Operator: Good day, everyone, and welcome to the Guess? Fourth Quarter Fiscal 2013 Earnings Conference Call. On the call are Paul Marciano, Chief Executive Officer; Nigel Kershaw, Interim Chief Financial Officer and Russell Bowers, Chief Financial Officer of North American Retail.
During today's call, the Company will be making forward-looking statements, including comments regarding future plans and financial outlook. The Company's actual results may differ materially from current expectations based on risk factors included in the Company's quarterly and annual reports filed in the SEC.
Now I would like to turn the call over to Paul Marciano.
Paul Marciano - CEO, Vice Chairman and Creative Director: Thank you. Good afternoon and thank you for joining us today. For total Company, in the fourth quarter, we delivered adjusted earnings per share of $0.95, which were at the high end of expectation despite a very fragile Europe economic environment and a challenging North American Retail market.
Before we get into the detail of the call, I want to address a few important issues upfront. I've been very disappointed with the performance in the retail North America over the past year. We have taken a hard look at this business and we are in the process of making some strategic management changes. My top priority is to continue to focus on building an executive team with a combination of new and existing talents.
We are bringing on board two new top executives; one, to head our design who will work directly with me and has a strong background of the young female customers for the past 15 years. And another executive for all merchandising retail North America. They will start within 60 days and I'm very excited to work with these new team members. Also, we resumed the search for Corporate COO. These changes will position us better to execute our long-term strategies.

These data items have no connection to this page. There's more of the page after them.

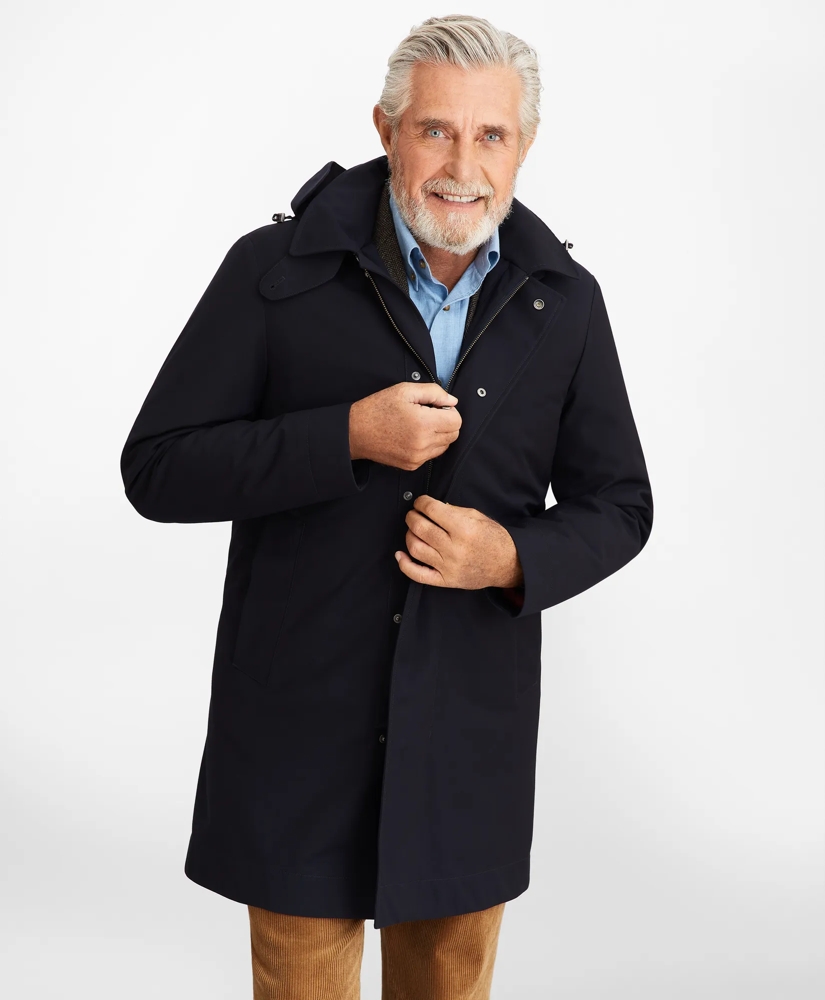 Take on the rain in this seam-sealed topcoat, made with specially constructed fabric woven in Italy for a sturdier feel. Features include a center-front zipper with snap storm flap closure, removable hood, two side entry exterior pockets, two interior pockets and a center-back vent. Filled with warm Thermore® Ecodown® for warmth and comfort that lasts.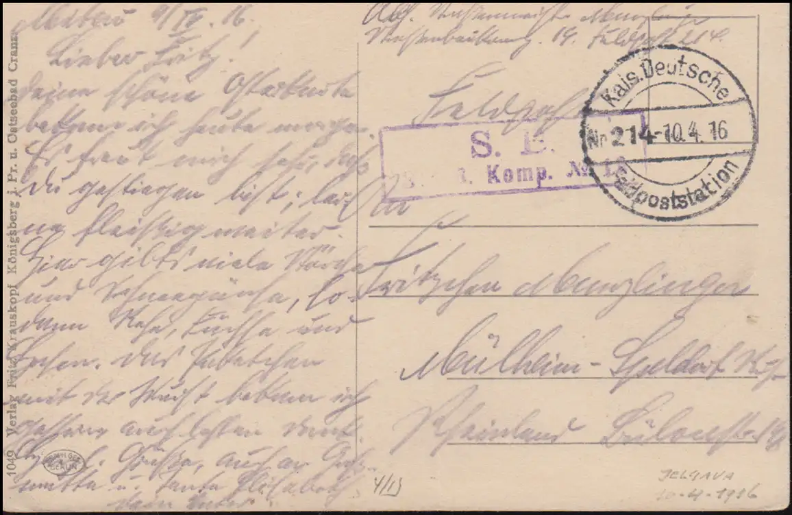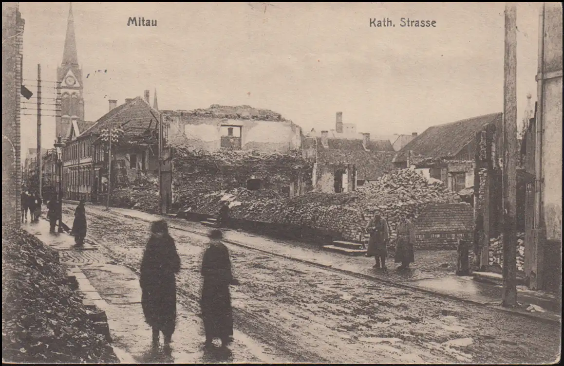 Carte visuelle La rue Mitau Kath. détruite, comme un poste de champ 214 - 10.4.1916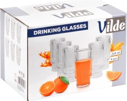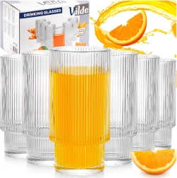 Set kozarcev Vilde prinaša brezčasen dizajn z vertikalnim rebranjem, ki zagotavlja ne le stilski videz, temveč tudi udoben in varen oprijem. Vsak kozarec ima prostornino 320 ml, višino približno 14 cm in premer 7 cm – idealna velikost za vsakodnevno serviranje hladnih pijač.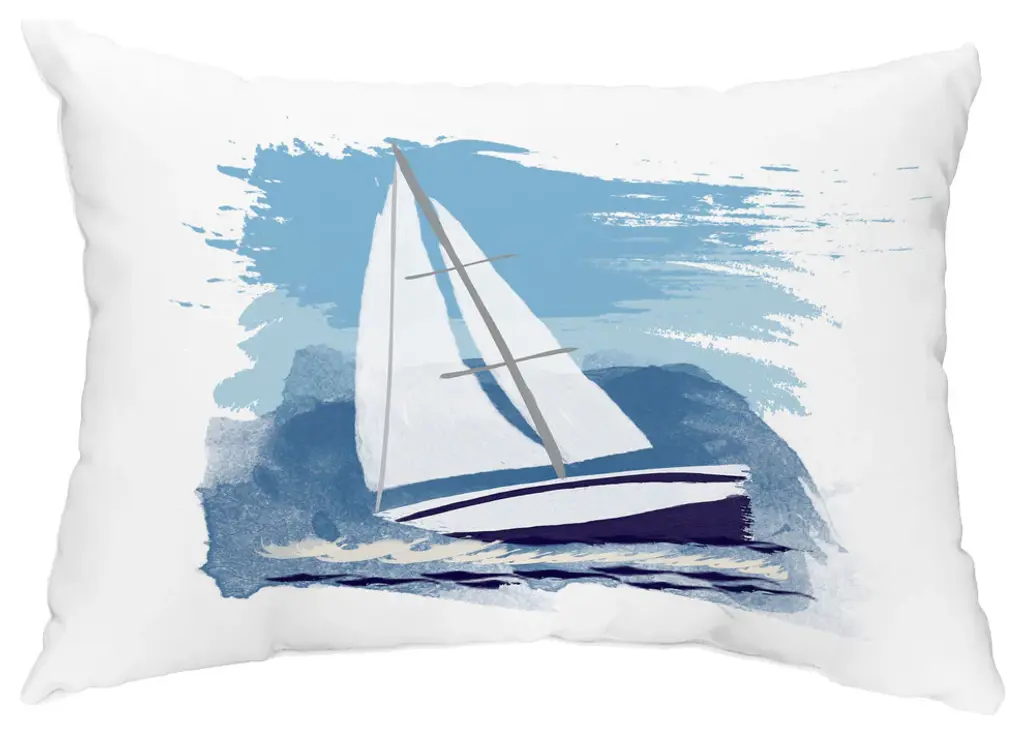 Sailboat, Geometric Print Outdoor Pillow,light Blue,20 X 20 Inch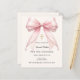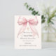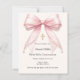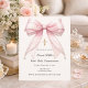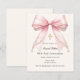 A soft ivory colored background, decorated with a pink large bow with pearls and a golden cross. Personalize and add a name and details details.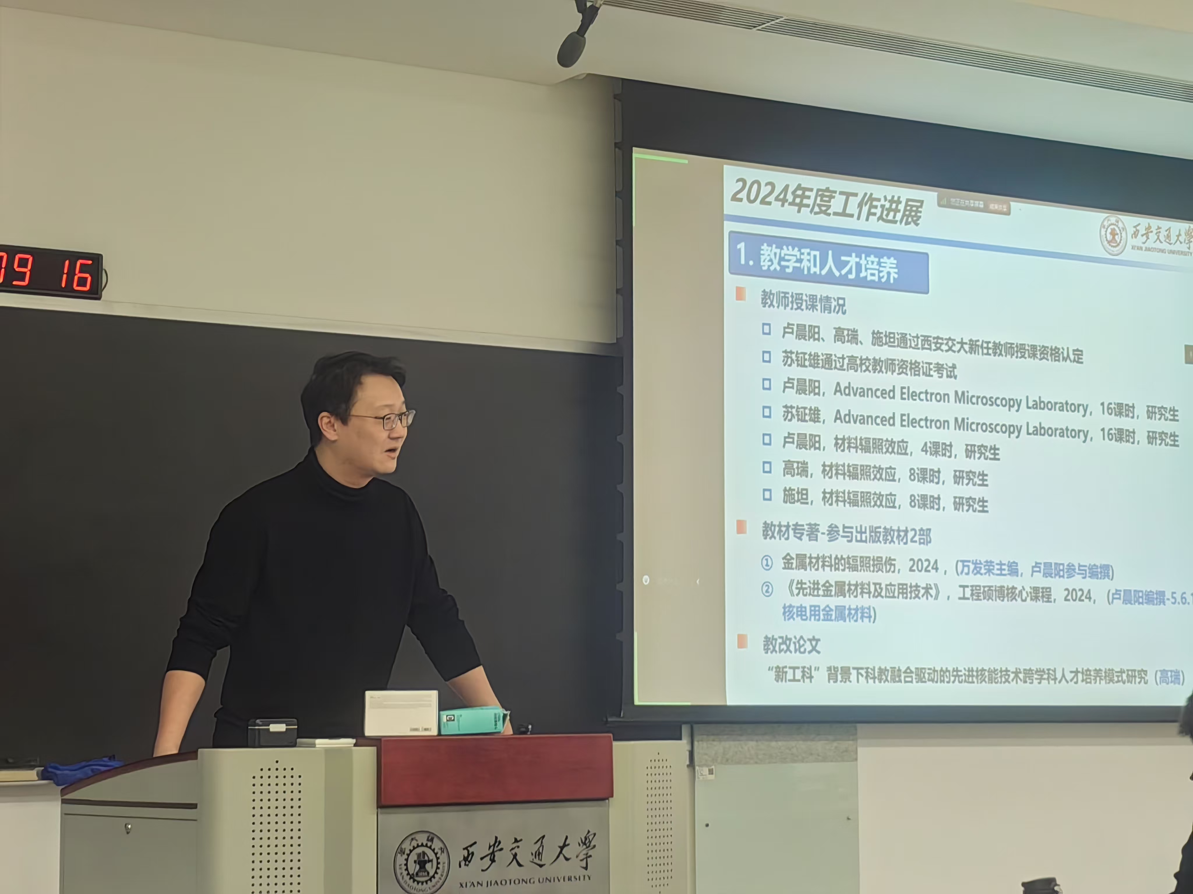 卢晨阳教授首先从教学和人才培养情况、科研情况、师资队伍建设情况、学术任职情况、平台及实验室建设情况、合作与交流情况、课题组团建活动七个方面总结了团队2024年度的主要工作成果与经验。随后,卢晨阳教授分享了课题组2025年度的工作重点,对团队各位老师和同学提出了下一阶段的期望。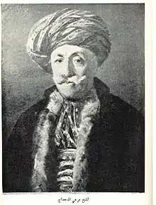 - Sallum al-Dahdah (d. 1820), son of Mussa, administrator in the divan of emir Yusuf Shihab, later mudabbir (or kikhia) of Bashir Shihab II from 1799 to 1817. He left a detailed eye-witness record of the trip of Bashir Shihab II to Egypt to meet Mohammed Ali, which was published in 1920.[65] From the contemporary account of Mikhail Mishaqah about Shaykh Salloum: "Let us return to Emir Bashir. He ruled the land, and his intendent for the affairs of his subjects and for issuing orders within the land was Shaykh Abu Khattar Sallum al-Dahdah, the grandfather of the metropolitan Nimat Allah al-Dahdah who presently occupies the archepiscopal throne in Damascus. He was the first Shaykh of the Dahdah family to be addressed by the emir as "my dear brother".[66][67]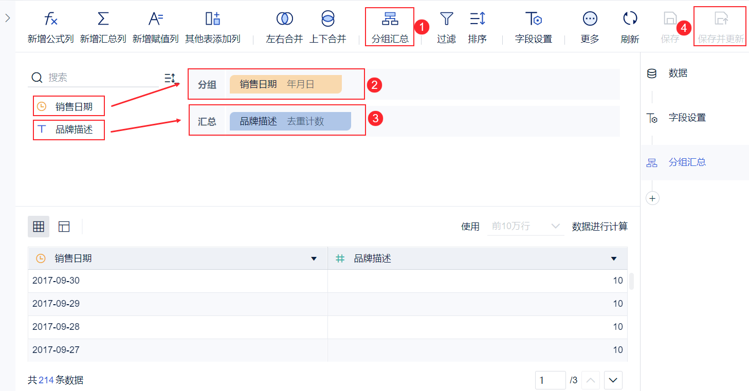 1)添加好字段后,选择「分组汇总」,将「销售日期」字段拖入分组栏,「品牌描述」拖入汇总栏,设置好后点击「保存并更新」,如下图所示:

In North America, in the fourth quarter, comp sales for retail North America were down 6%, which was within the range of expectation; however, traffic trend decline at the end of January and the softness continued into March. We believe that the tax change and adverse weather has all contributed to this decline in a certain degree as a recent slowdown was not significant in a cold weather states. But clearly products played the biggest role in this decline, I'm convinced about that. For me everything starts with the product and end with the products. We have developed a three-point strategy to drive the growth in our business; increase our denim offering and iconic style at entry price point, shorten our supply chain calendar and enhance our denim heritage.
I strongly believe that the heritage of Guess? is rooted in denim. The Guess? girl with sexy and young looks to us for iconic and sexy styles. We must be more innovative than ever in our denim design, always pushing for the best fit, the newest washes and the most inspiring print at affordable points.
In the past 18 months, the strategy was focused on running more sales in higher priced product category. Today, as a result, we realized that we have excluded the young aspirational Guess? girl with more price conscious, than ever. This aspirational girl is very important to us and we'll be increasing our denim offering at $75 to $95 price point, just to the majority of what we have now from $108 to $148 of bulk of our offering.